Druck is a Carmel Valley resident.
“Williams is a truly complicated fellow. At times, he shows signs of insight and remorse. At other times, he describes himself and what he did with frightening callousness. It’s difficult to say whether he genuinely feels any of these things he claims, even at an elementary level, or has simply learned ‘his lines’ from the years in prison.”
“He may have been suicidal (not homicidal) in his own mind, but it does not appear he was ever in any real danger of killing himself.”
“He claims he was a victim of bullying, shaming (by a teacher) and sexual abuse; that he was an addict; and that he was in a trance during the shooting. And yet, he is able to describe in vivid detail who was there and exactly what happened.”
“It is comprehensible how a severely fragmented (mentally and emotionally), depressed and deranged young man with access to guns, no real supervision, deep feelings of inadequacy and a brain impaired by alcohol and drugs could dig himself into a dark hole and commit heinous acts.”
Michele Borba
Borba is the author of 22 books on parenting, character education and bullying. She helped form Senate Bill 1667, legislation in Sacramento aimed at preventing school shootings. She travels frequently to give talks on those topics, is a contributor to NBC’s “Today” show and has appeared on dozens of national and local TV and radio shows. Borba also works in the United States and overseas with military families.
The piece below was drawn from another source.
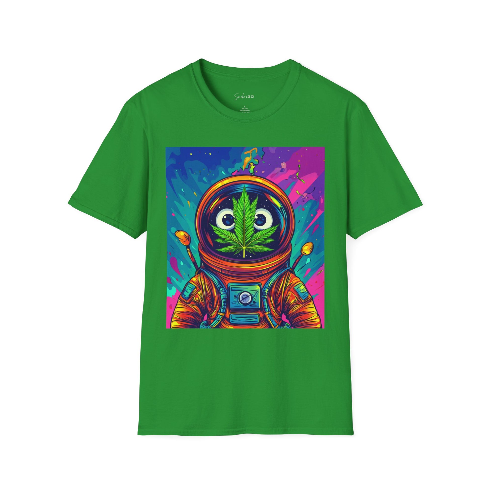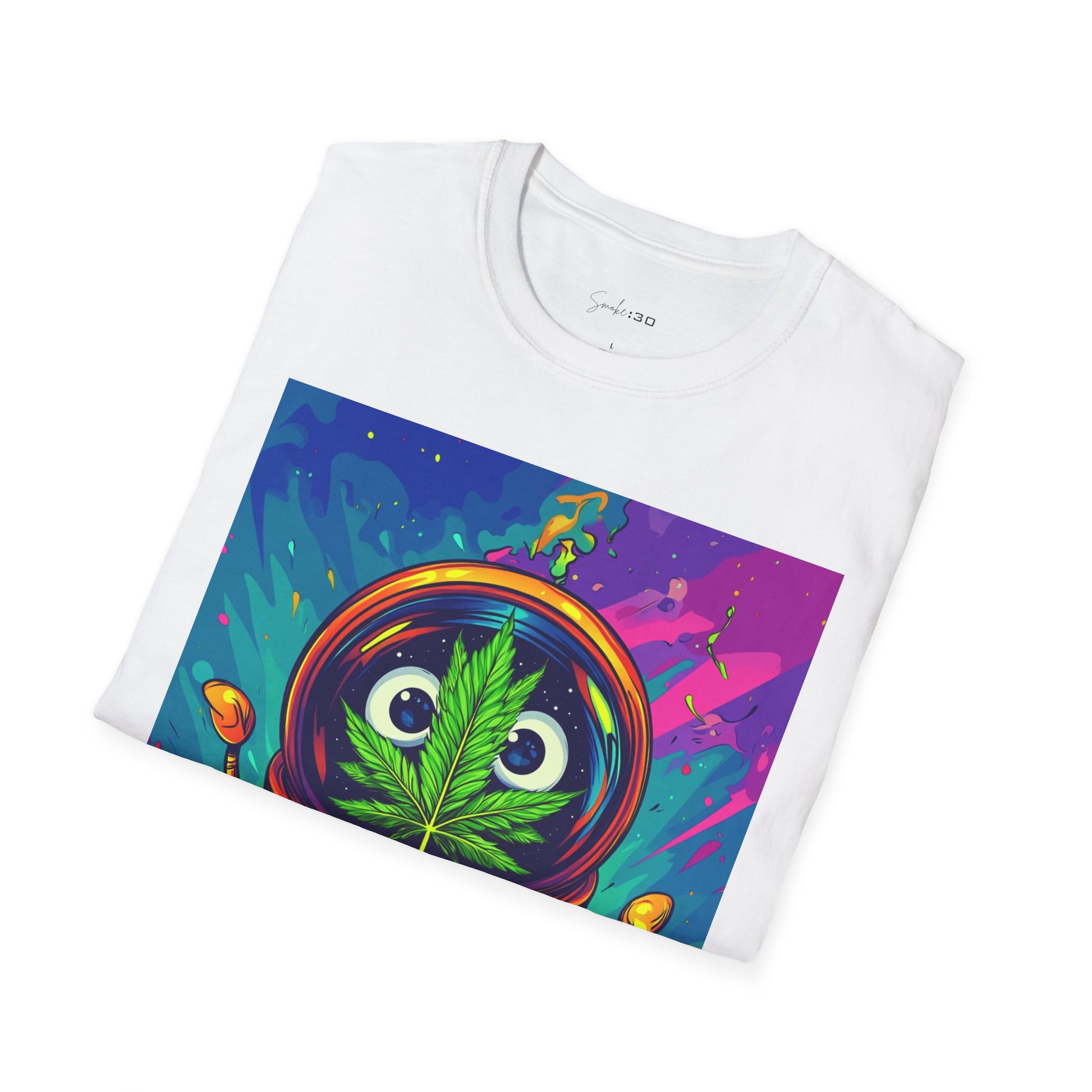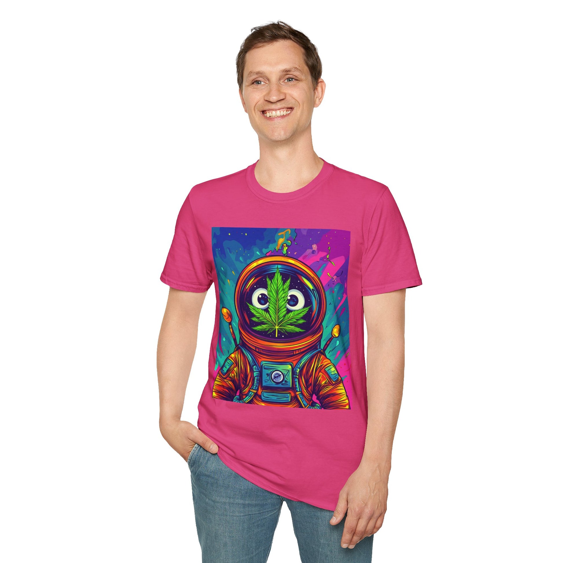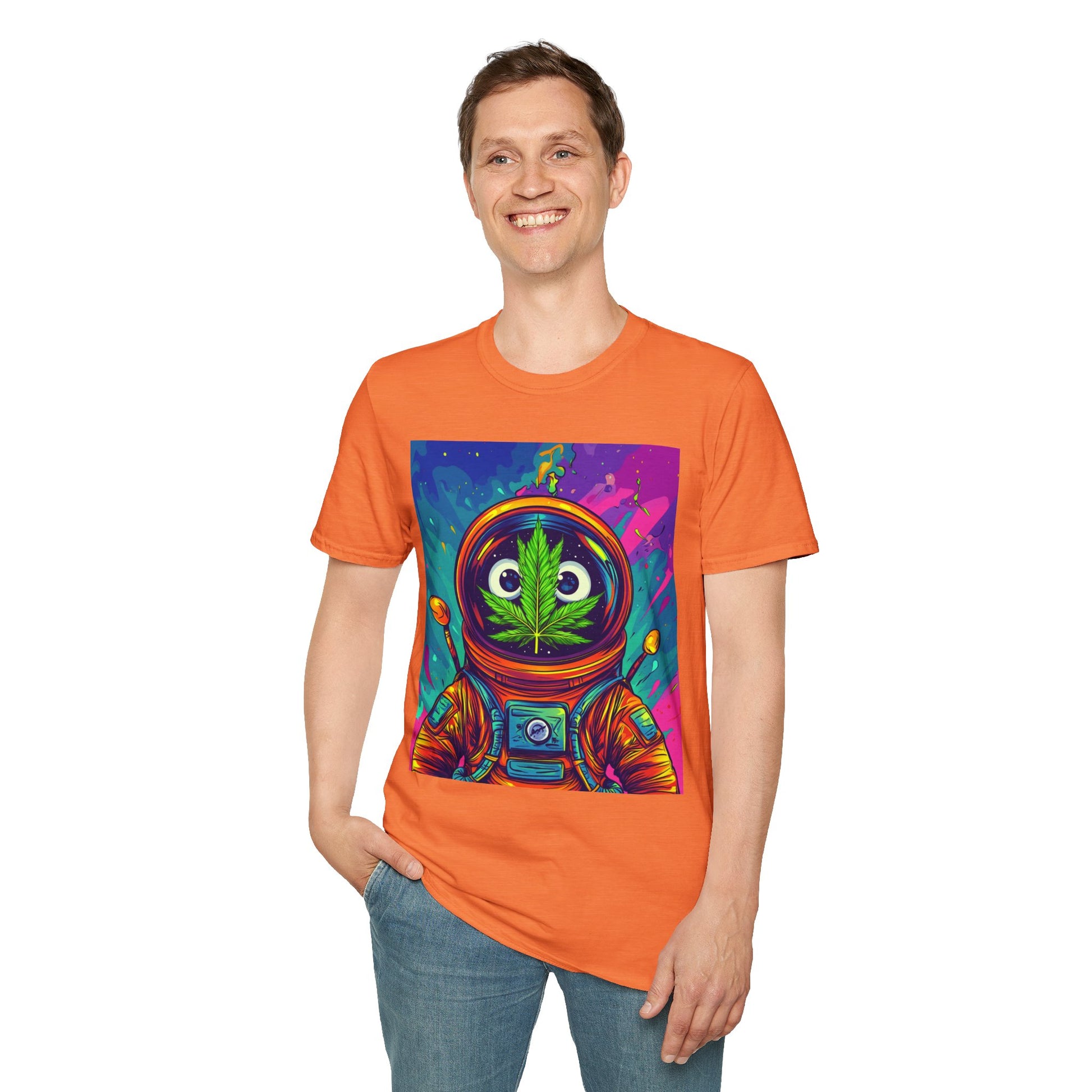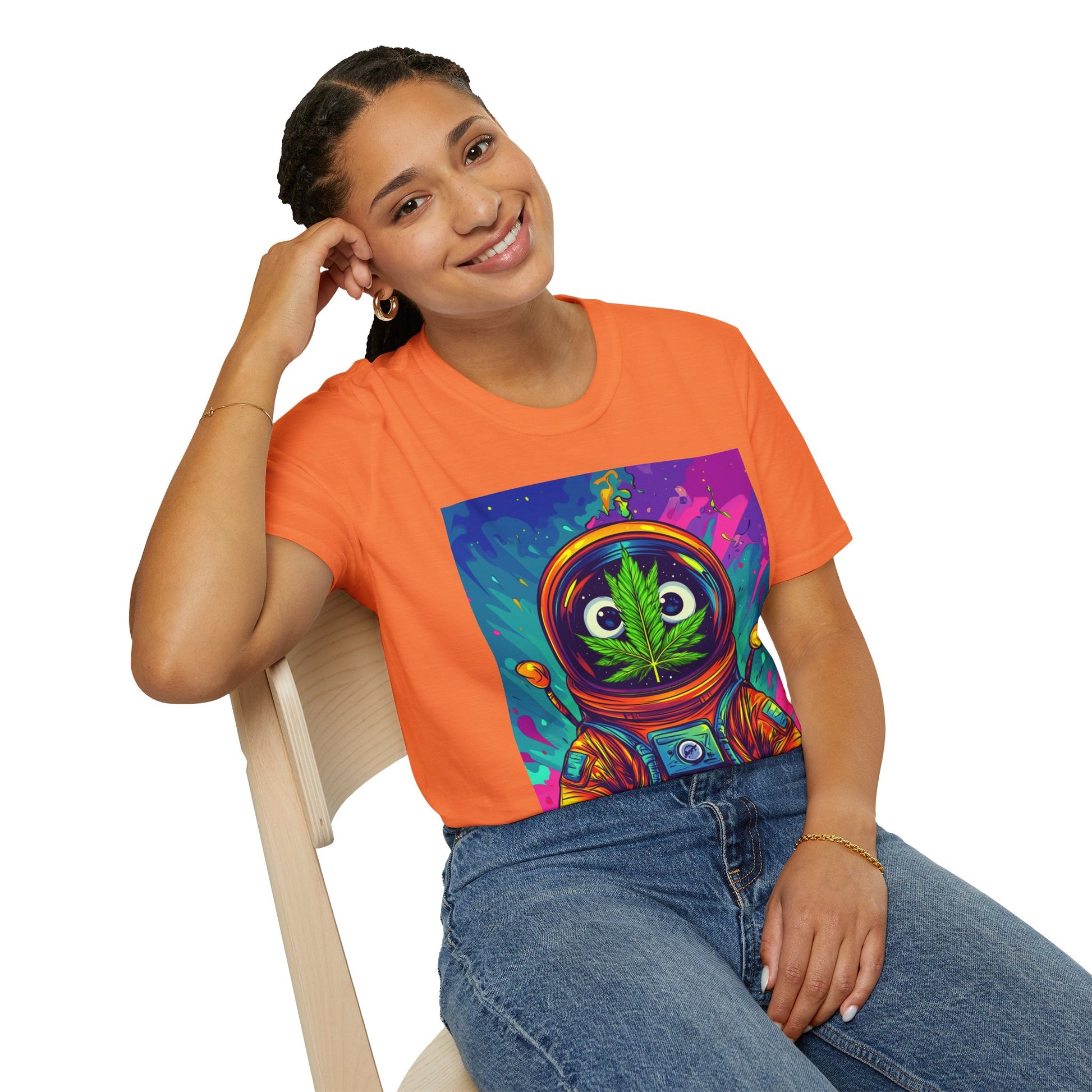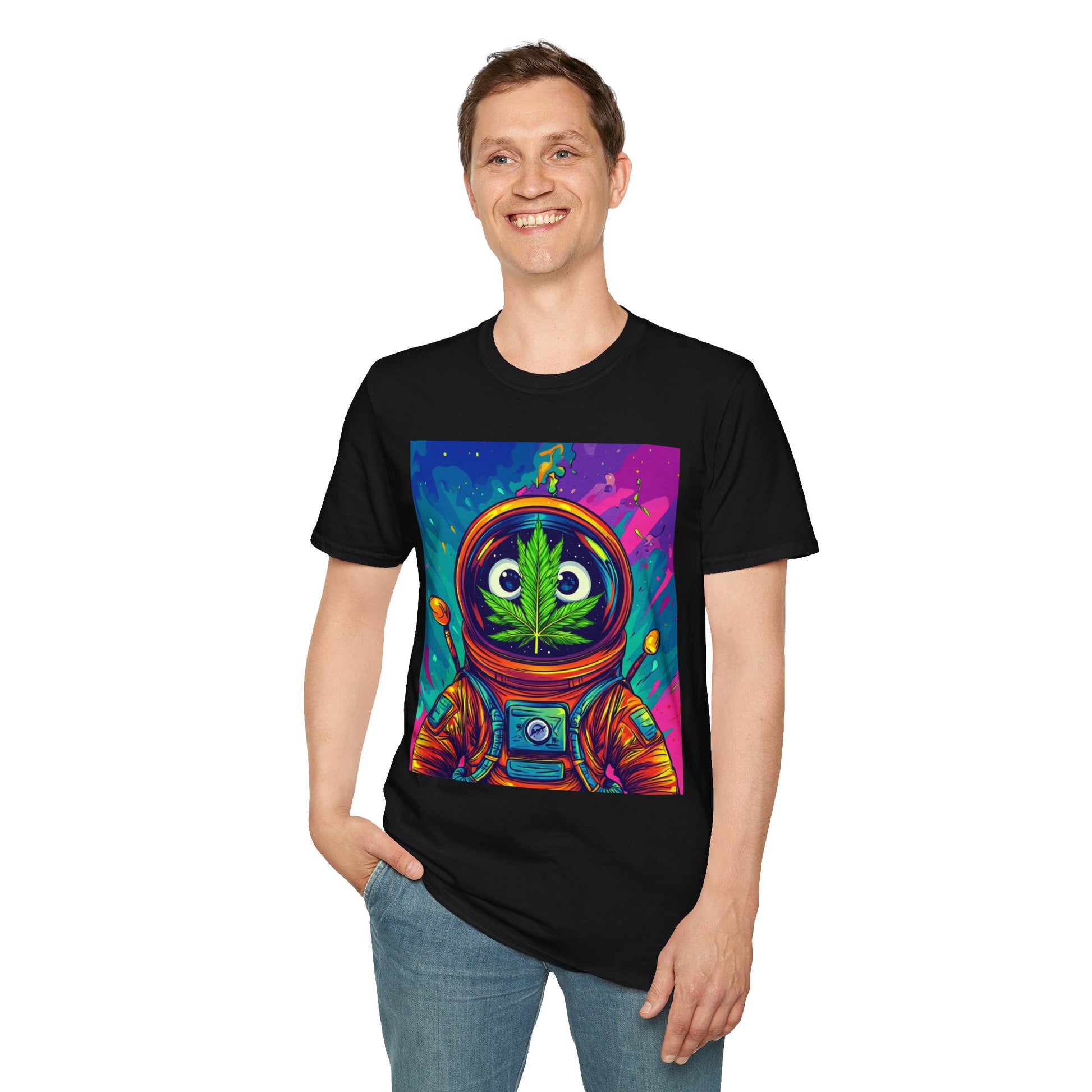 Suit up for a cosmic cruise in this out-of-this-world crewneck featuring a wide-eyed space traveler with a leafy secret. Drenched in vibrant neon and intergalactic drips, this sweatshirt is for the dreamers, explorers, and stoners who know that sometimes the best trips happen in zero gravity.

She lives in Palm Springs.
“Andy Williams is a sad, textbook case of learning the stages of ‘violentization.’ School shooters don’t ‘snap’ overnight. There’s always a slow trajectory into violence and then a final straw in which the youth feels there’s no other option.”
“Studies show a strong correlation between school shooters and those who have been bullied. Take bullying seriously.”
“Positive adult role models can make a difference. Andy had none. Even if parents are ‘ineffective’ or absent, one caring, concerned adult can make a difference in an at-risk child’s life.”
“There’s a fine line between homicide and suicide, and a youth can go either way. Andy was depressed, and he was suicidal-homicidal. ... There is a critical need for high school counselors who are there to do ‘mental work,’ not just academics and vocational work.”
“Seventy-five percent of students who commit homicide or suicide tell a peer beforehand. Andy had a plan — and he told his peers. But no one ever took him seriously. Peers, parents and educators need to step in.”
“Andy Williams is alive — and is telling his story. We need to listen, and even more important, put into place proven practices that will reduce another tragedy.”
Christopher Yanov
As founder and president of the nationally renowned organization Reality Changers, which tries to transform at-risk youths into academic achievers, Yanov focuses on signs of trouble in teens and offers targeted intervention.
His nonprofit group is based in City Heights.
“Encourage youths to develop, seek out and accomplish their goals. If a young man believes he can do anything in life or a young woman believes that her future is limitless, what are the odds that he/she will choose to fire a gun at someone? One out of infinity?”
“These goals or life options must be perceived as both real and realistic. Sure, everyone can say they want to become doctors, but only with regular, positive interactions with people in the medical industry will such dreams have a higher likelihood of coming true.”
“Lastly, words and expectations matter — from parents, teachers, friends and peers.”